Pauli Kehayias (E'09)

Barry M. Goldwater Scholarship


2007 Award Winners

By most people's standards, Pauli Kehayias, an engineering physics major, has chosen a complex field of study. But the Tufts sophomore describes his attraction to the scientific discipline in simple terms. "I like working on interesting problems, and physics just has a lot of interesting problems," he says.

And Kehayias has tackled many of them over the years. He says his lab experience—he's been involved in research projects since high school—helped earn him the prestigious Barry M. Goldwater Scholarship, an award that recognizes outstanding math, science and engineering undergraduates across the country.

"I have a very strong research background," says Kehayias, who worked last summer with Hugh Gallagher, an assistant professor of physics at Tufts, on research involving subatomic particles called neutrinos.
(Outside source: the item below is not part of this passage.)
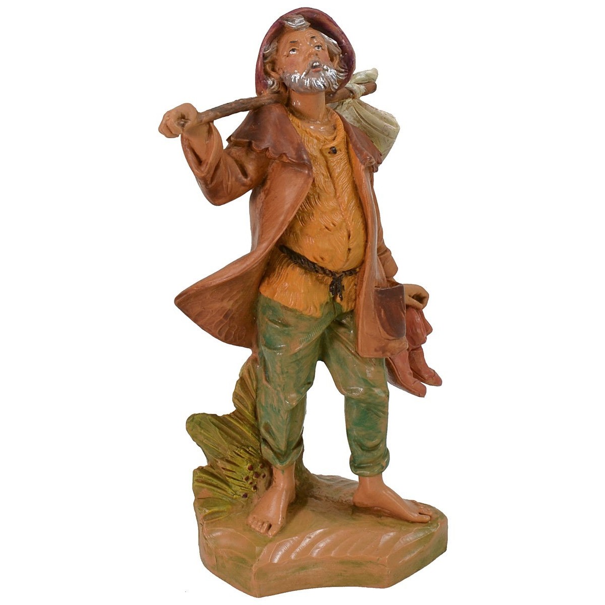 Viandante scalzo con fagotto 19 cm Fontanini dipinto a mano. Le statue del presepe tradizionale Fontanini hanno volti espressivi e ben rifiniti nei dettagli.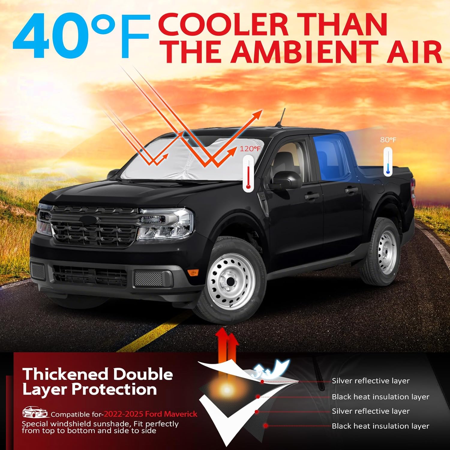 - KAYZT windshield sun shade is precise custom fit for 2022 2023 2024 2025 Ford Maverick, Thoroughly covers every corner of the windshield, Tailored to accommodate rear view mirror, Ensuring a seamless and snug fit without obstruction, Must have car accessories for Maverick

According to Kehayias, the goal of Gallagher's research is to determine whether or not neutrinos have mass. "He does simulations for modeling how subatomic particles interact," says Kehayias, who last year assisted Gallagher in his work related to the MINOS (Main Injector Neutrino Oscillation Search) experiment, which is being conducted at the U.S. Department of Energy's Fermi National Accelerator Laboratory in Illinois.

Kehayias was tasked with developing computer programs to analyze Gallagher's neutrino simulation data. The end goal, he says, was to make Gallagher's simulation consistent with other experiments—and then attempt to match it to the MINOS data.

The Massachusetts native was also involved in other research last summer at the Human Nutrition Research Center on Aging (HNRCA) at Tufts. The objective of the project was to develop a method for measuring people's energy intake by labeling food with tracer isotopes—carbon-13 atoms that they would ingest with their food and exhale in their breath.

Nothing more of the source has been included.